Hine, David


4 out of 5

(3 books)

Civil War: X-Men

(Art by Yanick Paquette, Aaron Lopresti, Serge Lapointe and Jay Leisten)

A tie-in to the Civil War event storyline.  Here the mutant 198 are broken out of their enforced confinement by Domino and Shatterstar, fleeing to a secret bunker in the desert.  The X-Men are then torn apart as Bishop decides to lead the O*N*E in hunting down the escapees, whilst Cyclops, Iceman, Beast and Archangel decide to become fugitives in order to protect the 198. 

This book ties up some major plot points from 'Decimation: X-Men - The 198' and acts as a great sequel to that book.  The Civil War connection is fairly peripheral here, but the principle of superheroes siding with each other or with the government is the same.  It was also nice to finally see the X-Men standing up for what's right rather than caving to the O*N*E's oppression.

4 out of 5


Decimation: Son Of M

(Art by Roy Allan Martinez)

The third book of the Decimation series focuses on Pietro Maximoff aka Quicksilver.  In 'House Of M' by Brian Michael Bendis Quicksilver convinced his sister to dramatically alter reality.  However, when she changed the world back she robbed 99% of the world's mutants of their power; Pietro among them. 

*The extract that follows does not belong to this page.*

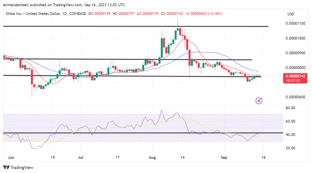 Earlier gains have since faded, with SHIB now tracking at $0.000007425, which comes as the RSI collided with a hurdle.

This book charts his depression, his obsession with recovering his lost power and his loss of morality.  After an attempt at suicide, Quicksilver finds a new purpose when the possibility of using the gene-altering mists of terrigen to restore his power arises.  However, the mist are held sacred and inviolate by the powerful Inhumans, Pietro's wife Crystal among them. 

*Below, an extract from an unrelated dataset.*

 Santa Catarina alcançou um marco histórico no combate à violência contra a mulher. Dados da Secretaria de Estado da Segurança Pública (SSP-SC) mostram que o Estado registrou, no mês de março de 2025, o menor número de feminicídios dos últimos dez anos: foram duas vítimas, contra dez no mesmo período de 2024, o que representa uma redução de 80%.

This is a book based around the idea of 'the road to Hell is paved with good intentions'.  Perhaps its best moment is when Pietro and his father, Magneto, fight and we see that the mantle of arch-villain has been passed to a new generation. 

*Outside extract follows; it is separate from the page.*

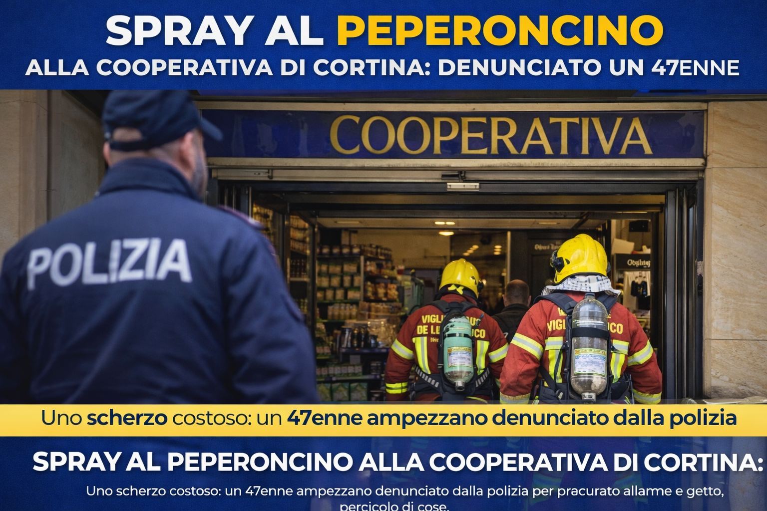 SPRAY AL PEPERONCINO ALLA COOPERATIVA DI CORTINA: DENUNCIATO UN 47ENNE

I also love Lockjaw, the giant teleporting dog.

4 out of 5


Decimation: X-Men - The 198

(Art by Jim Muniz, Kevin Conrad, Jonathan Glapion and Don Hillsman III)

The fifth and final book of the Decimation story arc.  The 198 are the precious few powered mutants who have sought refuge at the Xavier Institute.  However, the mutants there are about to discover that Government-supplied security always has the same price: the loss of civil liberties. 

The X-Men are reluctantly supporting the O*N*E (Office of National Emergency), but many of the 198 have less heroic pasts.  This is perhaps the most poignant element of the book; the fact that our heroes roll over in the name of stability whilst the former villains are the ones who take a stand in the name of freedom.  It is into this mix that Mr. M walks, a mutant with almost unlimited power who is dedicated to ensuring the freedom and well-being of the 198.

This is a great book which delves deeply into real-world problems by using the plight of the 198 as a metaphor. 

An added bonus is the 198 Files, a guide to many of the mutants who survived M-Day.